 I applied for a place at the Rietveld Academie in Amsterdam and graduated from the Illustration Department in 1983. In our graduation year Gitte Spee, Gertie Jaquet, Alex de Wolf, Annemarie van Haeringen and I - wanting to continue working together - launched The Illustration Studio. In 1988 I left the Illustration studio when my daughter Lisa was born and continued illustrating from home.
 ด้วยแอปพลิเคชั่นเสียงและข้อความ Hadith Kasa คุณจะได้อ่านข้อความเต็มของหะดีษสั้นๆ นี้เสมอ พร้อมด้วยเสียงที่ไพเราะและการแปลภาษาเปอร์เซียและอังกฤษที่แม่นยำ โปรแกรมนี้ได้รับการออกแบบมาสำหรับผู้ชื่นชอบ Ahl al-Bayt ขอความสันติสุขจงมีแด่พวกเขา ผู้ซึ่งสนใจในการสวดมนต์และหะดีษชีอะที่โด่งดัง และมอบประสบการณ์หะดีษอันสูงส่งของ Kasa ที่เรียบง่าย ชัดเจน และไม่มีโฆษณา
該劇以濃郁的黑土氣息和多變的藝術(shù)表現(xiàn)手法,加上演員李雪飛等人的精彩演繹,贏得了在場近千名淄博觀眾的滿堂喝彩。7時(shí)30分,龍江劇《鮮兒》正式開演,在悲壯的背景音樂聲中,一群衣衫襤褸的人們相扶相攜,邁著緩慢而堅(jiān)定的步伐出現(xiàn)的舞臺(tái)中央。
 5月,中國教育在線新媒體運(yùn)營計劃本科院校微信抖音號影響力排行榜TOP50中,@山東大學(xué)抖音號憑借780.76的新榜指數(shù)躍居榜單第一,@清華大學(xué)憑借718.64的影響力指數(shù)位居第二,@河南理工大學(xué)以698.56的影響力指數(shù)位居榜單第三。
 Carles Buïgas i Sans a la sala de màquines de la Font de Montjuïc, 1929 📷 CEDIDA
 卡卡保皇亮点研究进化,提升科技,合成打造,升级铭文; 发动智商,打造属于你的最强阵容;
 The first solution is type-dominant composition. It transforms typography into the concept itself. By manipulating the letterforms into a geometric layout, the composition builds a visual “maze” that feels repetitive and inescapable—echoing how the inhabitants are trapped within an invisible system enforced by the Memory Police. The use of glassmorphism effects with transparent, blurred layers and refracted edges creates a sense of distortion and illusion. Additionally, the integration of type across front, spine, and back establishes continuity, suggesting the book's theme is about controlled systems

········

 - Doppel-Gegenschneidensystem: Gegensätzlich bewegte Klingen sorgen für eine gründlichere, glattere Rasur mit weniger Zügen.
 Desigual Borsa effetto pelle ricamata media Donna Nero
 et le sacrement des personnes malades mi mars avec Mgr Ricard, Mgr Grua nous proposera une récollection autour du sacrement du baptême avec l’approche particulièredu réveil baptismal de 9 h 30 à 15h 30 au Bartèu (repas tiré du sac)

········

*What you should do*.
Using the entries above, extract exactly the span from the line with "Carles Buïgas i" to the line with "The first solution", both lines included; leave out everything else.

*Solution to this exercise*.
 Carles Buïgas i Sans a la sala de màquines de la Font de Montjuïc, 1929 📷 CEDIDA
 卡卡保皇亮点研究进化,提升科技,合成打造,升级铭文; 发动智商,打造属于你的最强阵容;
 The first solution is type-dominant composition. It transforms typography into the concept itself. By manipulating the letterforms into a geometric layout, the composition builds a visual “maze” that feels repetitive and inescapable—echoing how the inhabitants are trapped within an invisible system enforced by the Memory Police. The use of glassmorphism effects with transparent, blurred layers and refracted edges creates a sense of distortion and illusion. Additionally, the integration of type across front, spine, and back establishes continuity, suggesting the book's theme is about controlled systems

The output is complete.